To find the intervals where the function is increasing or decreasing, we need the first derivative of the function. Let \( f(x) = \sin(x)e^x \). Using the product rule, \( f'(x) = \sin(x)\frac{d}{dx}(e^x) + e^x\frac{d}{dx}(\sin(x)) = \sin(x) e^x + e^x \cos(x) \). Thus,\[ f'(x) = e^x(\sin(x) + \cos(x)) \].

Set the first derivative \( f'(x) = e^x(\sin(x) + \cos(x)) \) equal to zero to find critical points. Since \( e^x eq 0 \) for all \( x \), we solve \( \sin(x) + \cos(x) = 0 \). Let \( \frac{\sin(x)}{\cos(x)} = -1 \), providing \( \tan(x) = -1 \). The solutions to \( \tan(x) = -1 \) on \( x = [-\pi, \pi] \) are \( x = -\frac{3\pi}{4} \), \( x = \frac{\pi}{4} \).

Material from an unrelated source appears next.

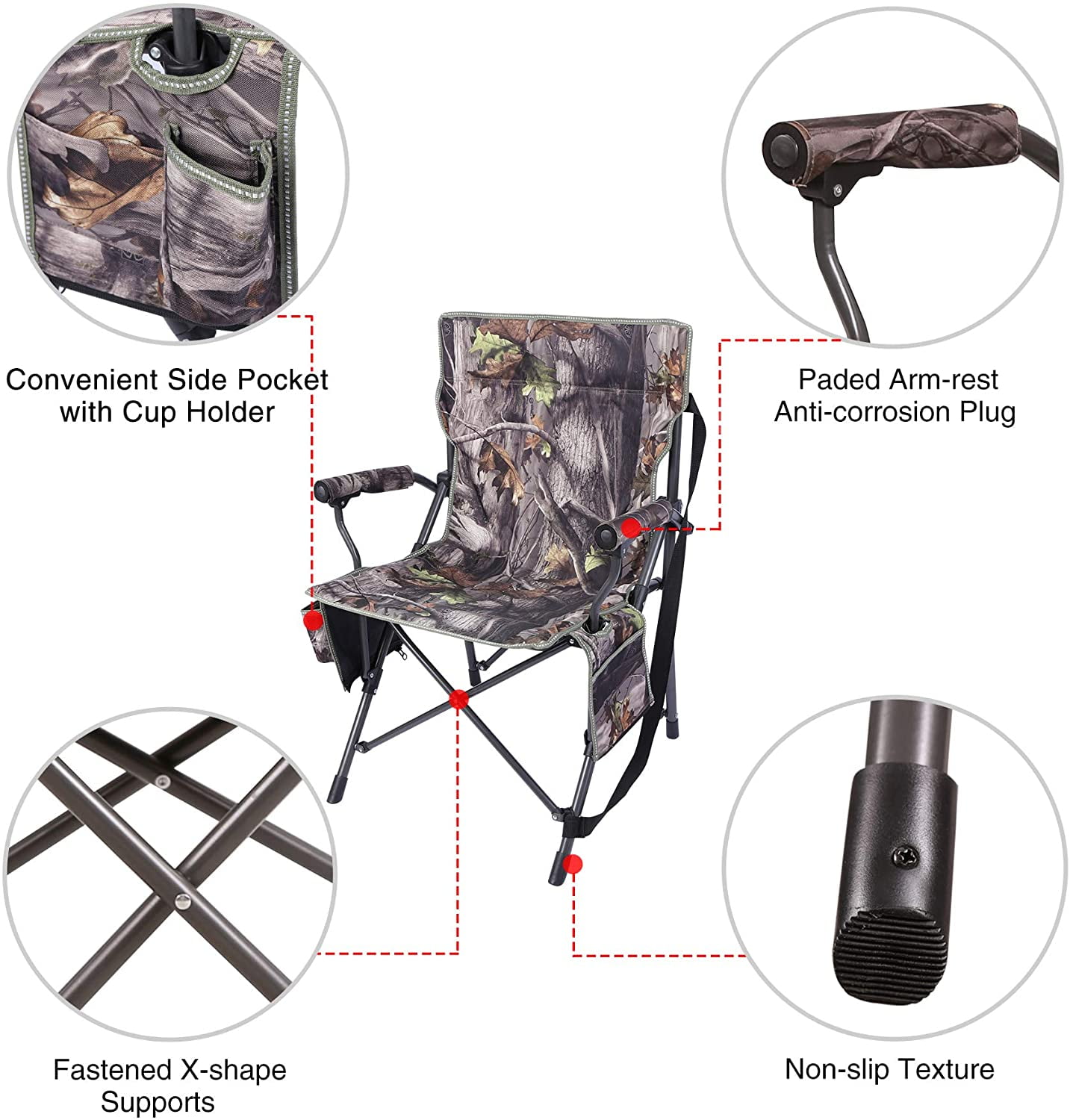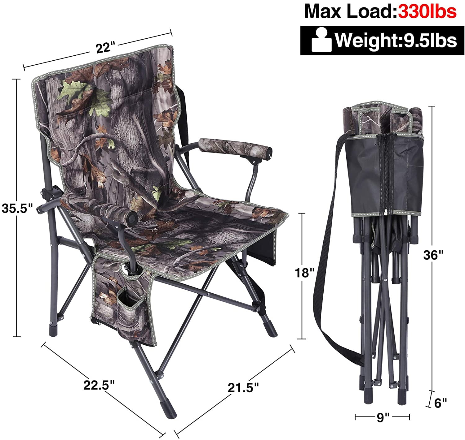 REDCAMP Heavy Duty Folding Camping Chair X-support Frame: The frame of this portable chair has a design of fastened X-shape supports which is stable and can hold up to 330lbs. Convenient Side Pocket: Our portable camo hunting chair is designed with convenient side pockets at both sides. It makes you easy to access your drinks or personal belongings. Premium&Durable Fabric: REDCAMP adult camping chair is made of 600D PVC fabric which is wear resistant and can last for many years. Padded Armrests: The foldable chair have padded armrests with anti-corrosion plug which make it more comfortable to get in and out of seat. Easy to Setup and Fold: No tools required. you can set up and fold this outdoor chair in seconds. With a convenient storage bag, you can carry it to anywhere you want easily. Specifications: Color: Camouflage Weight: 9.5 lbs Weight Capacity: 330 lbs Overall size: 21.5″ W x 22.5″ D x 35.5″ H Seat Height: 18″ Material: 600D oxford fabric, padded seat and Alloy steel frame Recommended Use: Camping, Hiking, Hunting, Fishing, Picnic, Beach and Other Outdoor Activities. Also suitable for using at home.

Evaluate \( f'(x) \) around the critical points to determine where \( f \) is increasing or decreasing. Choose test points such as \( x = -\pi, 0, \pi \). Compute:- \( f'(-\pi) = e^{-\pi}(\sin(-\pi) + \cos(-\pi)) = e^{-\pi}(-1) < 0 \) - \( f'(-\frac{3\pi}{4}) = 0 \) (critical point)- \( f'(0) = e^{0}(0+1) = 1 > 0 \)- \( f'(\frac{\pi}{4}) = 0 \) (critical point)- \( f'(\pi) = e^{\pi}(0 -1) < 0 \) Thus, \( f \) is decreasing on \( [-\pi, -\frac{3\pi}{4}] \) and \( [\frac{\pi}{4}, \pi] \). Increasing on \( [-\frac{3\pi}{4}, \frac{\pi}{4}] \).

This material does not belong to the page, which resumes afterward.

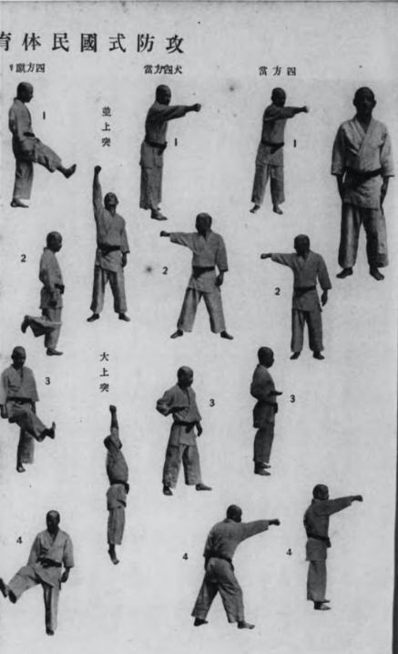 Jūdō historian Lance Gatling (www.kanochronicles.com) explained in a Facebook post last year that this type of practice is referred to as Kōbōshiki Kokumin Taiiku (攻防式国民体育)—an “attack and defense” form of national physical education. According to Gatling, these exercises were developed by Kanō and his associates as early as 1924, prior to his 1927 trip to Okinawa. However, one need not be an expert to notice that the techniques depicted in the 1927 issue of Sakkō resemble the forms of karate that Funakoshi Gichin had been teaching in mainland Japan since 1922.

Use the first derivative test at the critical points to evaluate local extrema:- At \( x = -\frac{3\pi}{4} \), \( f'(x) \) changes from negative to positive, indicating a local minimum.- At \( x = \frac{\pi}{4} \), \( f'(x) \) changes from positive to negative, indicating a local maximum.

The second derivative helps determine concavity. Differentiate \( f'(x) \):\[ f''(x) = \frac{d}{dx}(e^x(\sin(x) + \cos(x))) = e^x(\sin(x) + \cos(x)) + e^x(\cos(x) - \sin(x)) \] Simplifying, \[ f''(x) = e^x(2\cos(x)) \].

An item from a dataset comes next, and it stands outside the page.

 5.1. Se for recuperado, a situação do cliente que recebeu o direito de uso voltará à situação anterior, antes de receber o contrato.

Evaluate \( f''(x) = 0 \) to find potential inflection points. Solve \( 2\cos(x) = 0 \), giving \( \cos(x) = 0 \). Solutions in \([-\pi, \pi]\) are \( x = -\frac{\pi}{2}, \frac{\pi}{2} \). - \( f(-\pi, -\frac{\pi}{2}) \) is concave up since \( f''(x) > 0 \).- \( f(-\frac{\pi}{2}, \frac{\pi}{2}) \) is concave down since \( f''(x) < 0 \).- \( f(\frac{\pi}{2}, \pi) \) is concave up since \( f''(x) > 0 \).

Inflection points occur where \( f''(x) \) changes sign. From the second derivative test, this occurs at \( x = -\frac{\pi}{2}, \frac{\pi}{2} \).